*** Opening of RECORDS PROVIDED ***
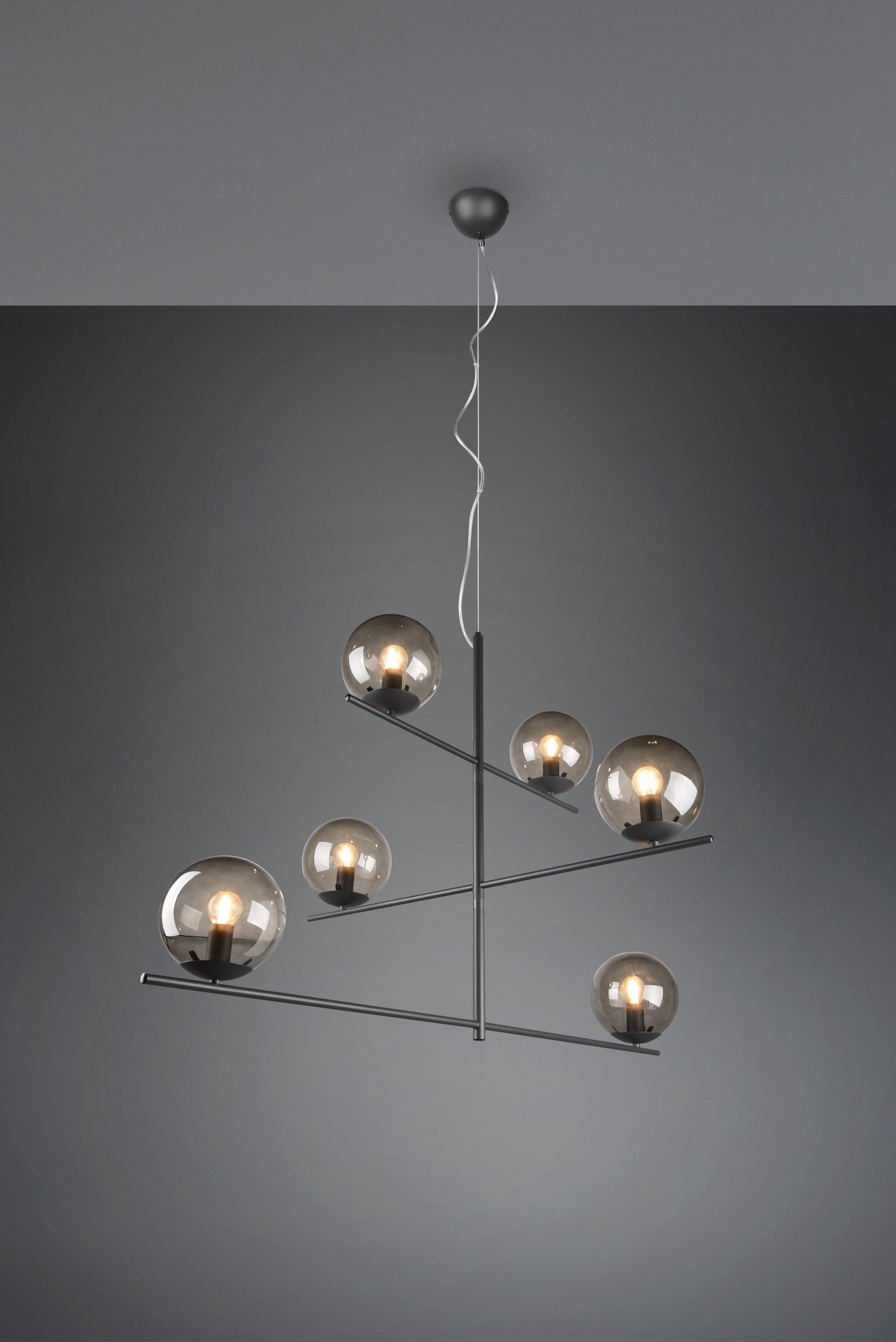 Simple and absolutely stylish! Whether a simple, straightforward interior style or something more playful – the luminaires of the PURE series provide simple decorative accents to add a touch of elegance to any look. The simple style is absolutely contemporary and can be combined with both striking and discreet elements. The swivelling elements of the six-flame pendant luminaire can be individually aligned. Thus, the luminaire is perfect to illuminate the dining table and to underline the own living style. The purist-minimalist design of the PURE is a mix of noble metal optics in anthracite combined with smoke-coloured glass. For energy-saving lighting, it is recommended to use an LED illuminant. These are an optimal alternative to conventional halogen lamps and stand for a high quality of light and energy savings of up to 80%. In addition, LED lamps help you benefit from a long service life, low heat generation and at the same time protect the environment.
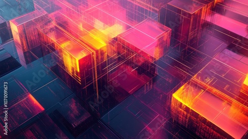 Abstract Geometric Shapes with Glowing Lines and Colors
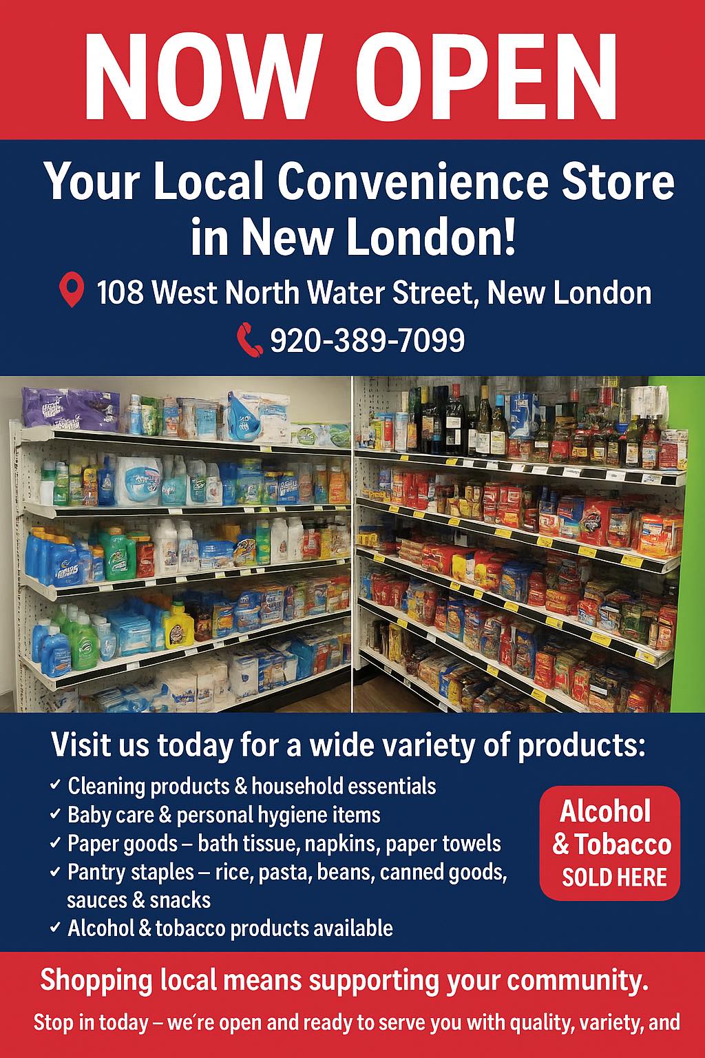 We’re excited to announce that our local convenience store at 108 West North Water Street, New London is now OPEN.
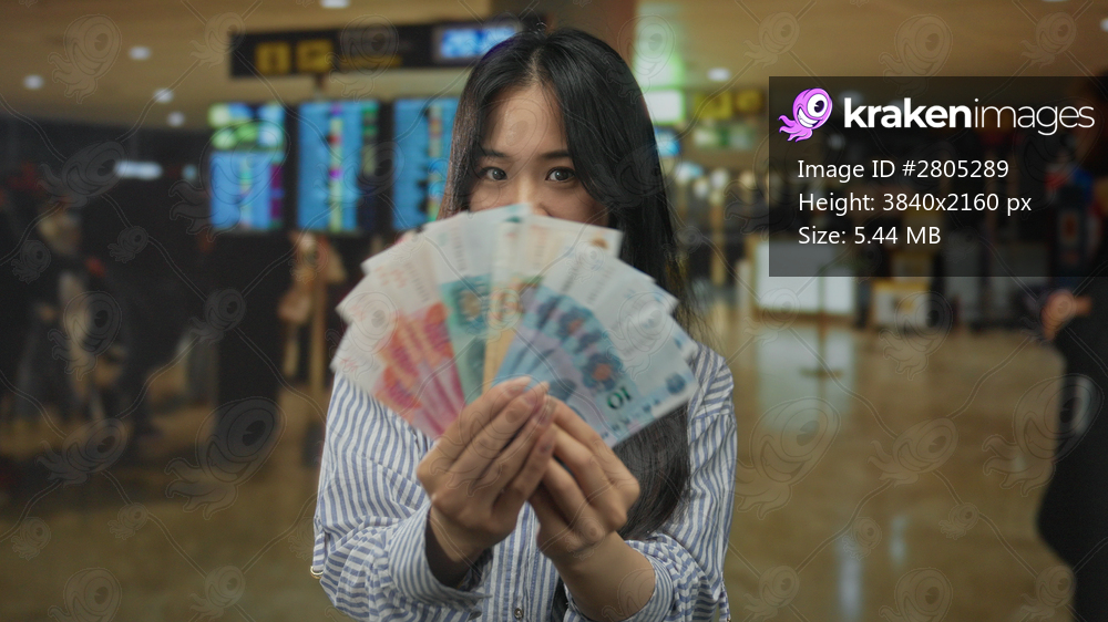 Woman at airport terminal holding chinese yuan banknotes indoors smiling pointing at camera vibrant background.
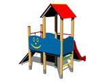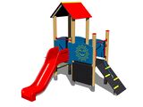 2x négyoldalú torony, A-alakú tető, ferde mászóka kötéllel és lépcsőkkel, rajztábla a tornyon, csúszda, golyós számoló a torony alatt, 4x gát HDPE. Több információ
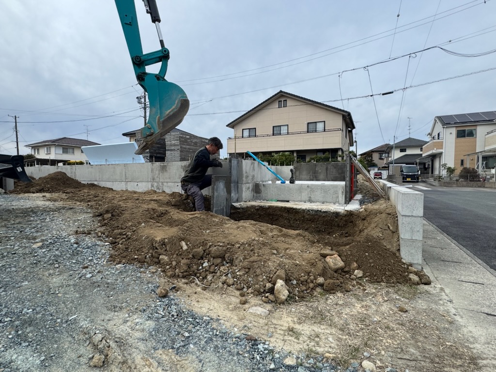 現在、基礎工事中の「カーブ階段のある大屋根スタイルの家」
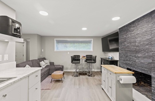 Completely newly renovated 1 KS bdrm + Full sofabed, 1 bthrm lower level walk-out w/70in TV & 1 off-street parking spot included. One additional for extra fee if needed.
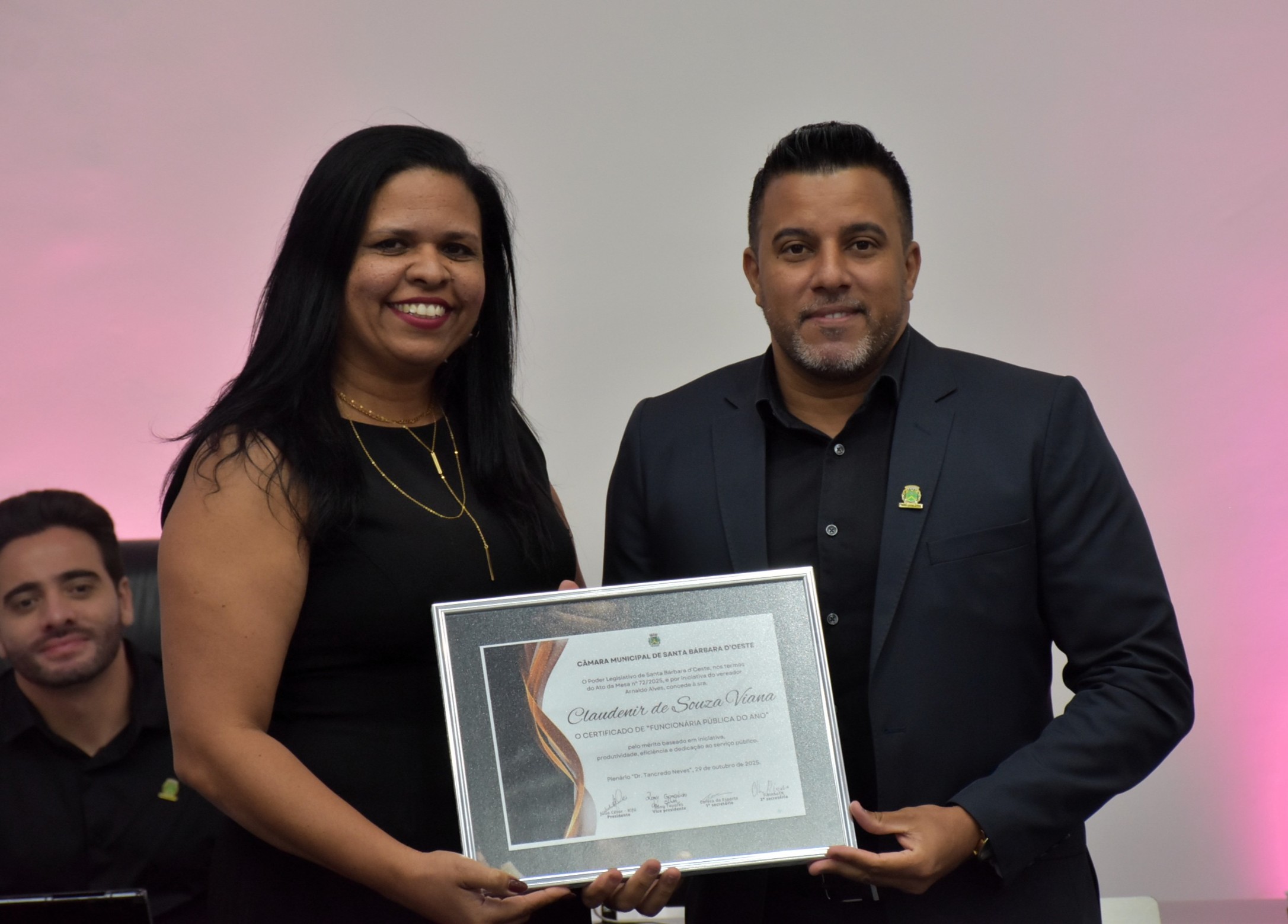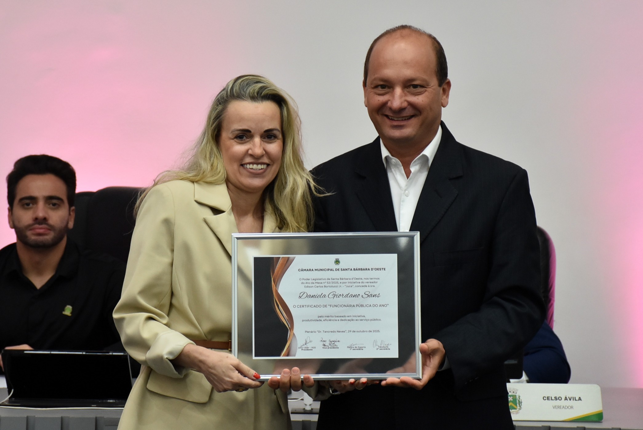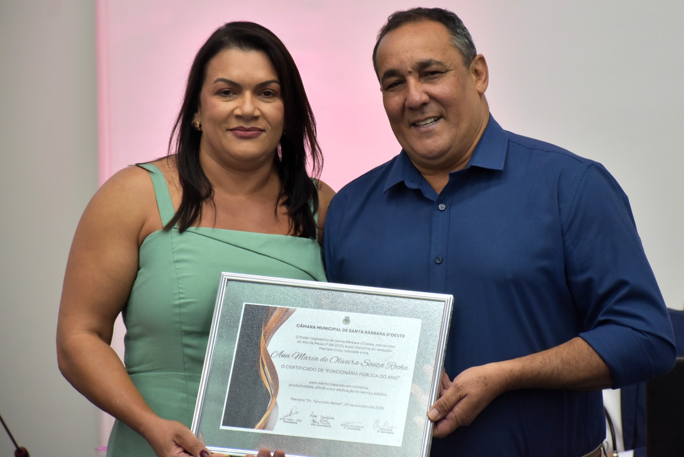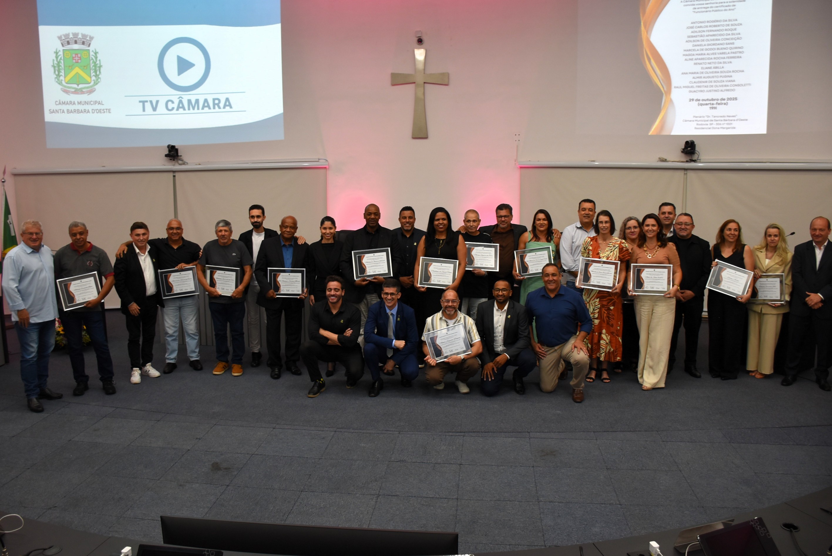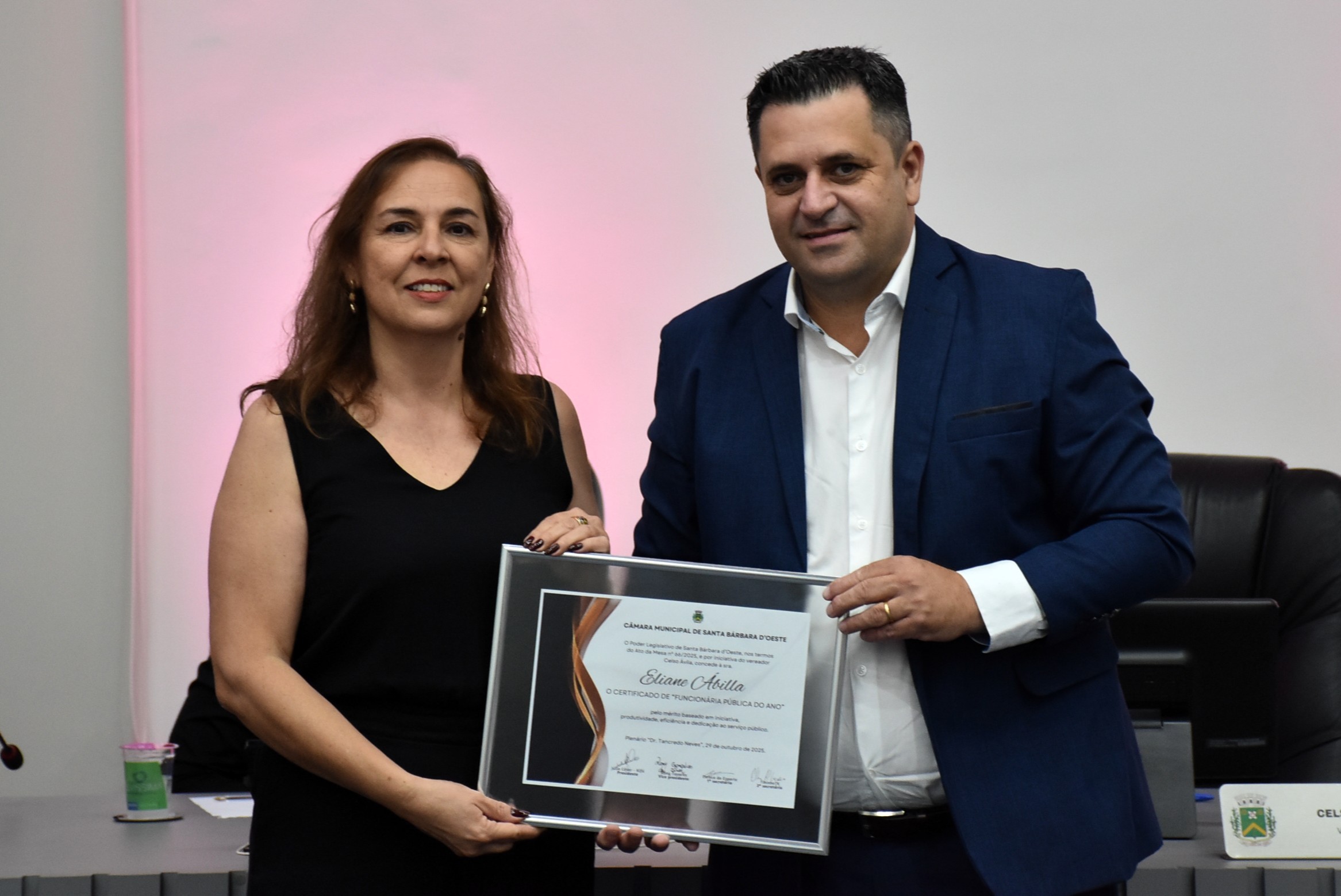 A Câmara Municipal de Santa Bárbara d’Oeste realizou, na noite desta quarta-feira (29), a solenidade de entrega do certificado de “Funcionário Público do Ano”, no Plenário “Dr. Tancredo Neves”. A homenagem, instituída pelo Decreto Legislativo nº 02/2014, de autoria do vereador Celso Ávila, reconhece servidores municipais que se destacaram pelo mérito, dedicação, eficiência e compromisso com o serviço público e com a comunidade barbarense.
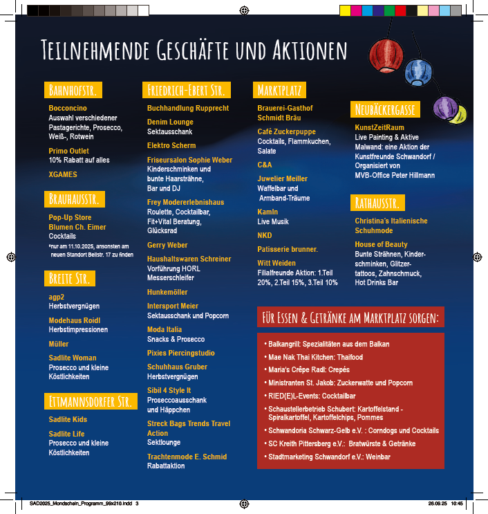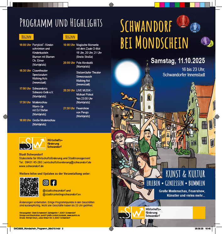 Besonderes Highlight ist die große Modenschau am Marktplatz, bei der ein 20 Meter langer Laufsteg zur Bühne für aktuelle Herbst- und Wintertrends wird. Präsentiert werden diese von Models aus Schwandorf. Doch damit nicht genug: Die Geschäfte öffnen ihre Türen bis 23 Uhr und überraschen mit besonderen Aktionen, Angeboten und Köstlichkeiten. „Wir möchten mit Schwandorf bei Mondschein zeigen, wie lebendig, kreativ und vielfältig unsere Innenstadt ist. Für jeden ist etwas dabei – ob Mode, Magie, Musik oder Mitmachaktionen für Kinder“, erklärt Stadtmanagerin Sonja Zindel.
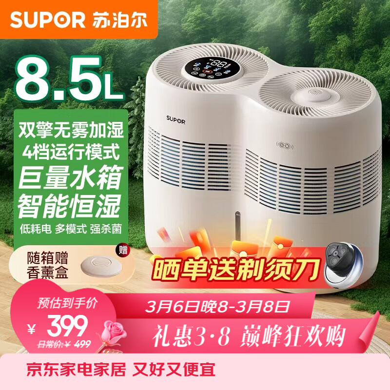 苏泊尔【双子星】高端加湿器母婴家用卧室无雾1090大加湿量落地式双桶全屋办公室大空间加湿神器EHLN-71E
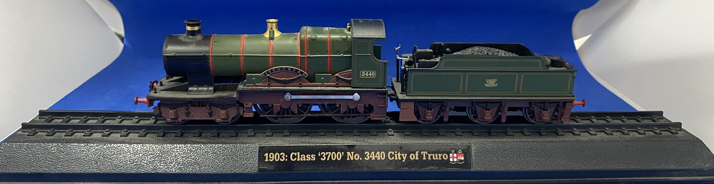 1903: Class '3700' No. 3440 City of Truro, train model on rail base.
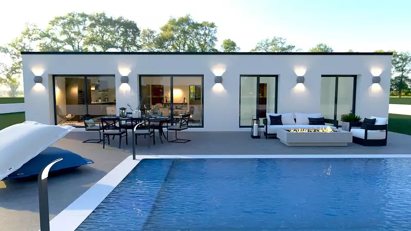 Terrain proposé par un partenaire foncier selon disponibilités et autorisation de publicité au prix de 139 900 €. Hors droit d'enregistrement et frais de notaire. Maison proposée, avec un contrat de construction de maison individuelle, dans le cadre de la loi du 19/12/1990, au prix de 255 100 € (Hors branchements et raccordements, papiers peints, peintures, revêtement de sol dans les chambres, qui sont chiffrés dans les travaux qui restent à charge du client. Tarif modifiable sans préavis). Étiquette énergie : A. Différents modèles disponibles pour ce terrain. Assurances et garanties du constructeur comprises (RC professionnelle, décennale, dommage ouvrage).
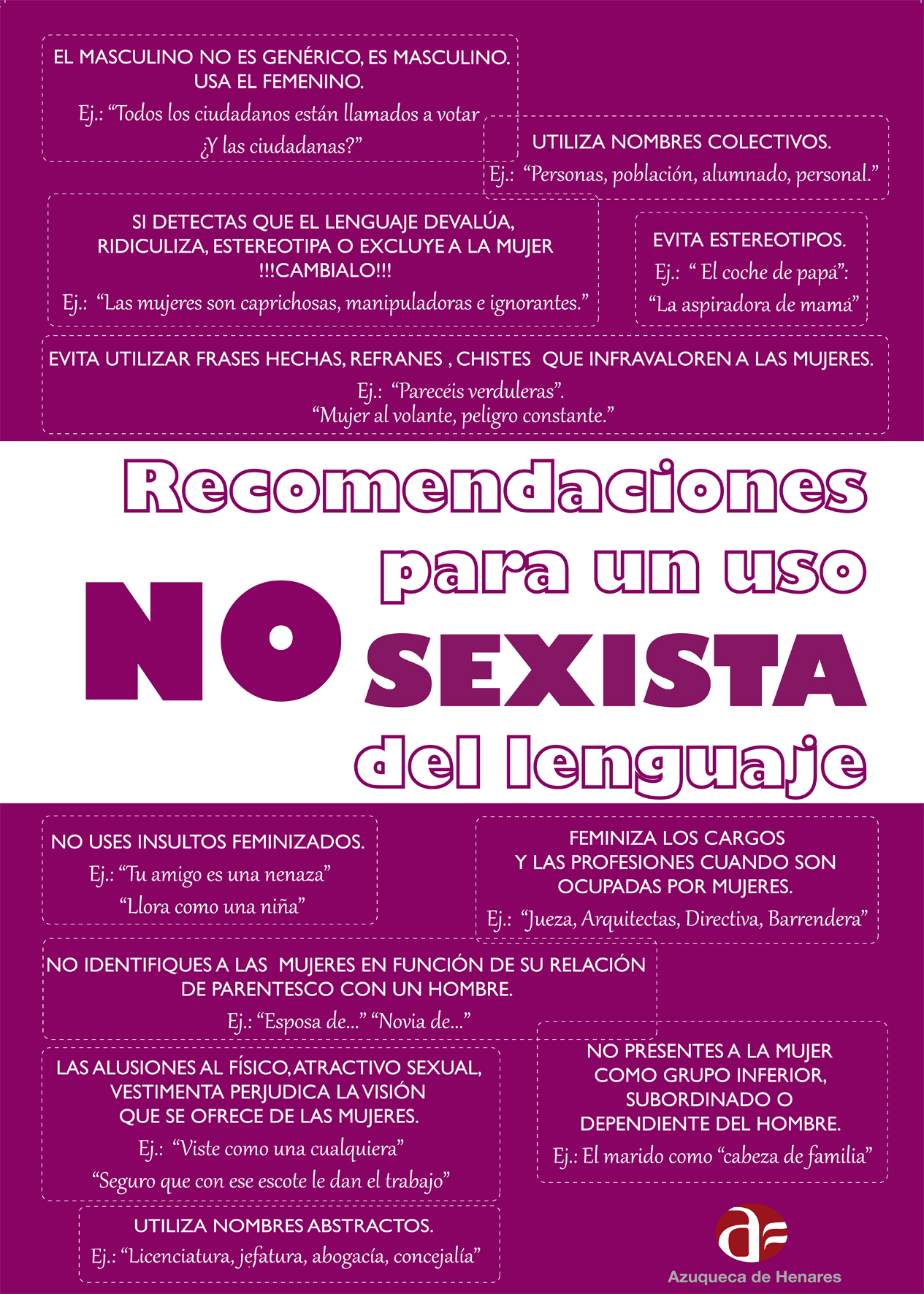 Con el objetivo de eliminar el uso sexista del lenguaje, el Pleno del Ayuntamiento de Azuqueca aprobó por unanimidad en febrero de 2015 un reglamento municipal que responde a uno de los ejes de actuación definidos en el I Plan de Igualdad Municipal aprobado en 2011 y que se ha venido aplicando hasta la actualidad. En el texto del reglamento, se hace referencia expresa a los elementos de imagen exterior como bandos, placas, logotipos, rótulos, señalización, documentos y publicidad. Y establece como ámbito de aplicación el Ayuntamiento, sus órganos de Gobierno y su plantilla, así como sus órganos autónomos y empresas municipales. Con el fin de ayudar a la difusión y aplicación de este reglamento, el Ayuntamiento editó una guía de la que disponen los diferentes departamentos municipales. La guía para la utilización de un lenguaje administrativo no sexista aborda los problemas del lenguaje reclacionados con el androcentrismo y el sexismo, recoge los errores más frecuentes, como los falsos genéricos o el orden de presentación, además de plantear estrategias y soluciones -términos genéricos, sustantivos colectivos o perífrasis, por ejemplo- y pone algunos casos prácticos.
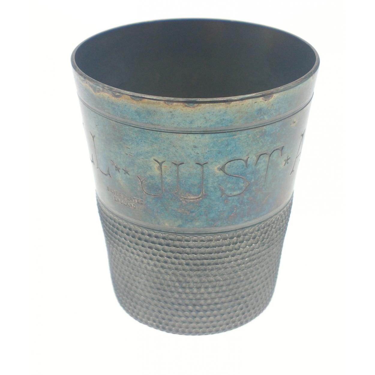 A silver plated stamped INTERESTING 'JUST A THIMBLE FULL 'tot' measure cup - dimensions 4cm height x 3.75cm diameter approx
*** Close of RECORDS PROVIDED ***
TASK DETAILS |
Nothing but the lines above from the one that has "2x négyoldalú torony, A-alakú" down to the one that has "1903: Class '3700'" belongs in the answer, copied exactly, without pictures.

FINISHED TASK |
 2x négyoldalú torony, A-alakú tető, ferde mászóka kötéllel és lépcsőkkel, rajztábla a tornyon, csúszda, golyós számoló a torony alatt, 4x gát HDPE. Több információ
 現在、基礎工事中の「カーブ階段のある大屋根スタイルの家」
 Completely newly renovated 1 KS bdrm + Full sofabed, 1 bthrm lower level walk-out w/70in TV & 1 off-street parking spot included. One additional for extra fee if needed.
 A Câmara Municipal de Santa Bárbara d’Oeste realizou, na noite desta quarta-feira (29), a solenidade de entrega do certificado de “Funcionário Público do Ano”, no Plenário “Dr. Tancredo Neves”. A homenagem, instituída pelo Decreto Legislativo nº 02/2014, de autoria do vereador Celso Ávila, reconhece servidores municipais que se destacaram pelo mérito, dedicação, eficiência e compromisso com o serviço público e com a comunidade barbarense.
 Besonderes Highlight ist die große Modenschau am Marktplatz, bei der ein 20 Meter langer Laufsteg zur Bühne für aktuelle Herbst- und Wintertrends wird. Präsentiert werden diese von Models aus Schwandorf. Doch damit nicht genug: Die Geschäfte öffnen ihre Türen bis 23 Uhr und überraschen mit besonderen Aktionen, Angeboten und Köstlichkeiten. „Wir möchten mit Schwandorf bei Mondschein zeigen, wie lebendig, kreativ und vielfältig unsere Innenstadt ist. Für jeden ist etwas dabei – ob Mode, Magie, Musik oder Mitmachaktionen für Kinder“, erklärt Stadtmanagerin Sonja Zindel.
 苏泊尔【双子星】高端加湿器母婴家用卧室无雾1090大加湿量落地式双桶全屋办公室大空间加湿神器EHLN-71E
 1903: Class '3700' No. 3440 City of Truro, train model on rail base.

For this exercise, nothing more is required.